BF: What can radio do that other communication channels cannot?

VI: Radio can be very specifically targeted at provinces and regions where a national TV campaign doesn’t quite do the trick.

We have a tie-up with a major Philippine radio network that helps us find authentic local talents and record genuine dialect tracks that aren’t diluted by the big city.

Music-driven radio ads, i.e. jingle and song-based campaigns, will always have a natural home on radio, and for a music-loving country like ours, I don’t see that going away anytime soon.

A creative radio script, executed properly, can still evoke images and situations that even a big-budget TV ad and the most sophisticated computer graphics cannot.
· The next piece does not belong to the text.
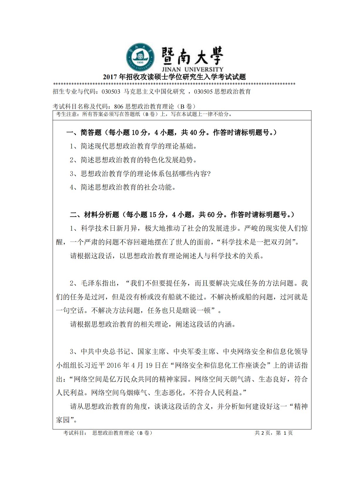 2017年招收攻读硕士学位研究生入学考试试题********************************************************************************************招生专业与代码:030503马克思主义中国化研究,030505思想政治教育考试科目名称及代码:806思想政治教育理论(B卷)考生注意:所有答案必须写在答题纸(B卷)上,写在本试题上一律不给分。一、简答题(每小题10分,4小题,共40分。作答时请标明题号。)1、简述现代思想政治教育学的理论基础。2、简述思想政治教育的特色化发展趋势。3、思想政治教育学的理论体系包括哪些内容...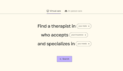 This platform allows clients to find a therapist who’s right for them with an easy-to-navigate marketplace. You will start off by selecting whether you want virtual or in-person care, as well as your state, insurance, and needs. Then, you will see a list of high-quality providers that meet your criteria.

BF: Why is Hit a hit among many ad agencies, what’s your secret?

VI: We take great pride in the quality of our service.

Working with ad agencies and producers is always a team effort.

They bring us their ideas, and we do our best to execute and craft them the way they envisioned or even come up with something totally new.

We pride ourselves on being not just a supplier but as collaborator.

A big part of the team is made up of passionate and creative people aged 20 years to early 30s so we’re still attuned to the sound of the younger generation.

BF: How do you keep abreast with the growing demands of clients?

VI: My partners and I are constantly trying to reinvent our business model to adjust to the changes in the industry.

We were the first company to put both music composers and audio post studios under one roof, unheard of back then.

There was also a time that almost every bit of advertising music you’d hear came from synthesizers and computerized orchestras the agencies got tired of them.

So we hired a top American ‘acoustician’ and built a great band-recording studio capable of recording everything.

From live horn sections to vocal groups to jazz quartets, with a real grand piano and upright bass to live ukelele, an ethnic percussion track, or a Christmas carol played on coffee mugs, Hit Productions has recorded them all.

Today, the award-winning audio production company has a 7.1 digital-cinema surround mix-room, with an adjoining Foley sound effects recording studio with a whole slew of props and toys.

Want to hear even the tiniest drop of water to its crispiest detail?

Hit has different kinds of floor surfaces that can capture that, a bathtub with a microphone – “all to take the quality of sound effects beyond the normal stuff that comes off from a CD library,” Icasas says.

In the last few months Hit has also done a couple of surround mixes for cinema and event projects, hitting big happy results.

With radio and TV commercial soundtrack recordings, Hit can’t really be a hit and miss. It’s sure thing.